Showing posts with label eating disorders. Show all posts
Showing posts with label eating disorders. Show all posts

Sunday, January 19, 2014

why I hate food...

Few things make me happier than cooking good food or going out somewhere nice to eat with friends. However, once I have to actually eat the food, I'm not so happy.

Food makes me feel sick.

No matter what it is, I end up feeling nauseous after I eat. Drinking juices and water isn't as bad, but food and heavier drinks (like milk) leave me queasy. I've tried cutting things out of my diet to see if there are allergies at work, and so far nothing has made a difference.

Perhaps it's the stress manifesting itself in a different form. Wouldn't surprise me.

Saturday, June 1, 2013

destruction...

What is it about us that makes us so violent?
Not in an every-single-person-in-the-world-is-going-to-buy-a-gun-and-kill-innocent-people kind of way, but in an oh-my-gosh-I-suck
kind of way.

Imagine. Imagine
every
single
mean,
cruel
lie you have ever told yourself as a
fist slamming against your soul.

Ouch.

I am not a violent person. I cried when I hit a bird while driving, and I cried harder when I saw a mother hit her little boy at the zoo. I can't kill spiders, both out of fear and out of sorrow for crushing them. I can't tell someone how I think because I'm afraid I'll hurt the person's feelings. I don't like conflict of any kind -- yet conflict has entrenched itself in my brain.

My soul is black and blue with lies.

Black and blue, splotched and scarred. A jumbled residue of impact over a decade.

It began one morning when I looked in the mirror and became aware of myself as flawed -- as imperfect. No longer the little angel who thought only about ponies and princes and puffy ball gowns. No longer daddy's princess and mommy's little helper.
It began one morning and it

never.


stopped.

I would say that mirrors are the culprit -- with no mirror, no reason to pick things apart. But it's
more than a mirror.

It's the mind.

The mind recognizing self as lesser,
seeing pictures and programs of better, of ideal.
Of perfect.

The mind believing those things -- believing the lies and accepting them as fact. The mind punching and smacking and hurting
the soul in which it resides.


The soul is strong -- so is the mind.
Battered, battered souls and shattered, shattered minds -- why?

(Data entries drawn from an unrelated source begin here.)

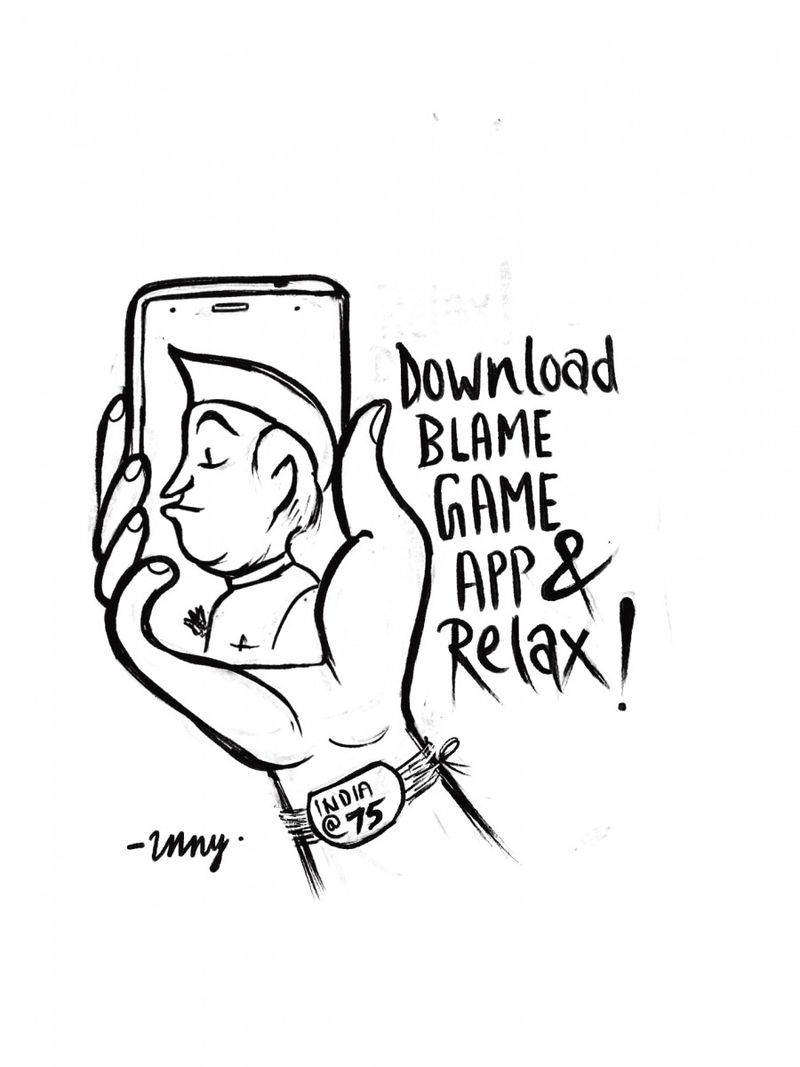 In contrast to this broad temporal view of the ‘anniversary’, other artists use an ironic eye to unpack contestations anchored in the contemporary, as in E.P.Unni’s sardonic cartoon on the fad of bypassing accountability in the times of Digital India.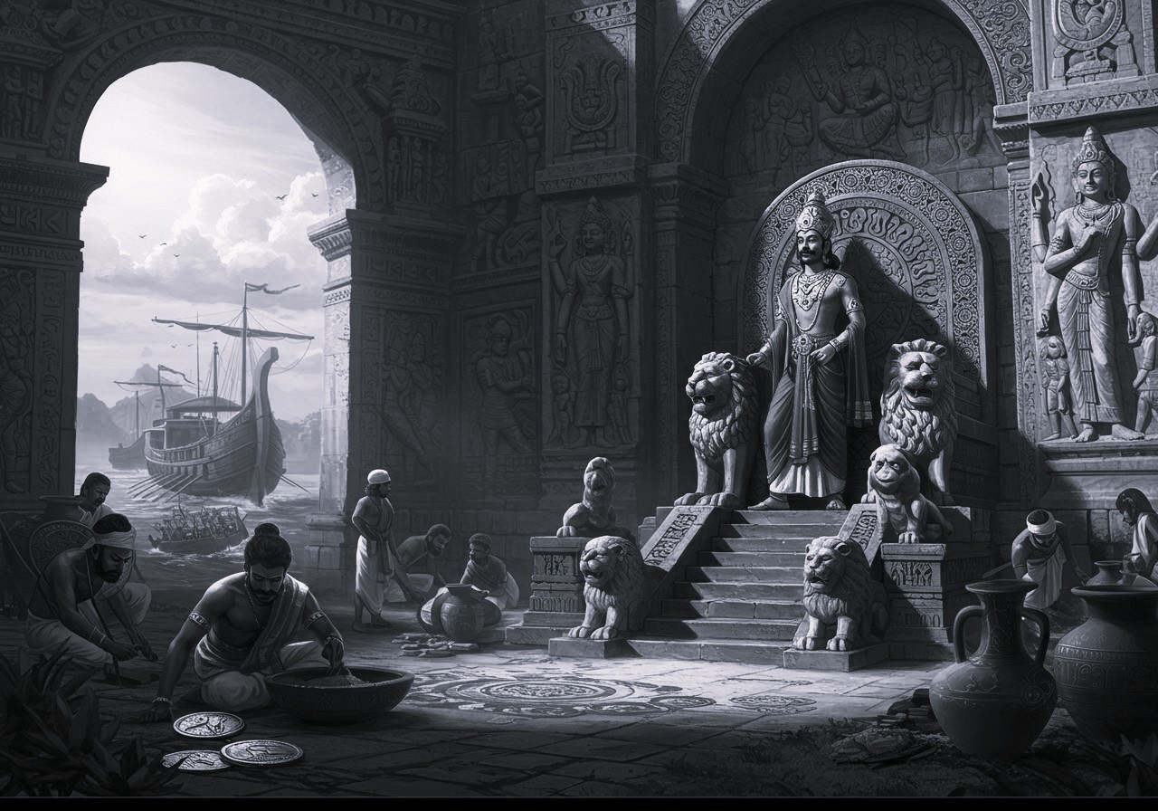 The Satavahana Empire ruled large parts of southern India from around the 2nd century BCE to the 2nd century CE—nearly 450 years. Founded by Srimukha, the dynasty reached its peak under rulers such as Gautamiputra Satakarni, regarded as its most powerful king, while Hala enriched literature with works such as Gathasaptashati. Kondapur reached its zenith between the 1st century BCE and the 2nd century CE as a major trade and industrial centre, particularly for coin minting. Gautamiputra Satakarni, the 23rd Satavahana ruler, restored the dynasty’s declining prestige by defeating the Shakas and Yavanas, earning the title Kshatriya-darpa-mardana. The Nashik inscription commissioned by his mother Gautami Balashri states that his horses drank the waters of three seas (trisamudra-toya-pita-vahana), symbolising his extensive dominion across southern India.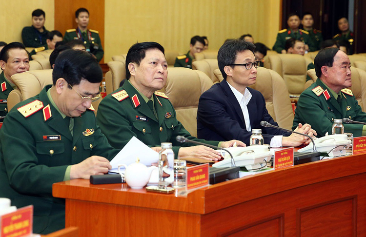 Phó thủ tướng Vũ Đức Đam, Trưởng ban chỉ đạo quốc gia phòng, chống Covid-19 cùng Đại tướng Ngô Xuân Lịch (Bộ trưởng Quốc phòng) chỉ đạo cuộc diễn tập.

Why are we so destructive? Why do we kill and kill what we are in favor of what we think we should be? Because think we should be may never be who we are -- or who we are meant to be.


Sunday, May 26, 2013

the me I was...

After a couple of hours spent trying to sleep, I've given up for the moment.

I keep thinking about who I used to be a few years (or even months) ago. In a lot of ways, I'm haunted by the image of the old me and wish desperately to go back to who that girl is. And at the same time, I'm just as disturbed by the pain I feel when I see all of the changes in my life.

The changes have been for good. I no longer starve myself. I no longer do a lot of things that were really quite bad for me. Yet I'm dissatisfied.

I look at myself in the mirror with contempt. I despise what I see -- the thickened waistline, the fuller hips and breasts, the presence of more me everywhere. I hate that.

I feel like I've completely lost control -- I can't go without eating anymore. I get so sick when I don't, most likely because of the years I spent keeping myself to under 1,000 calories per day, if I made it even close to that. I see pictures of myself from just last year and compare them to how I look now, and I want to cry.

I want to cry because I'm "not skinny."

How stupid is that? How ridiculous is it that I berate myself for every thing I put inside my mouth? Even as my brain says that I need to eat, and that eating is good for me, my brain also screams to stop because I'm FAT.

My diet isn't bad. I eat a lot of good foods, and I go for walks several times a day. That's about all I can do right now, as my body still gets worn out very quickly. I'm not complaining -- there have been times when all I could do was lie in bed and pray that the pain would go away. Walking is a joy. The pain I experience after a long walk is worth it, because I'm walking. And not a slow stroll walk either, but actually walking to have some sort of activity in my life.

Despite it all, my pants still get tighter. My shirts aren't baggy. There is more of me than there has been in years, and I have to force myself out of a panic when I feel myself starting to get hungry (also a new development -- in the past five years, I forgot how to feel hungry). I have to make myself be calm and remind my brain that if I don't eat, I'll get sicker.

I miss the old me. I know it's stupid. I know it's wrong. I know that weight isn't the important thing.

But I don't believe it. And I wish that I could go back.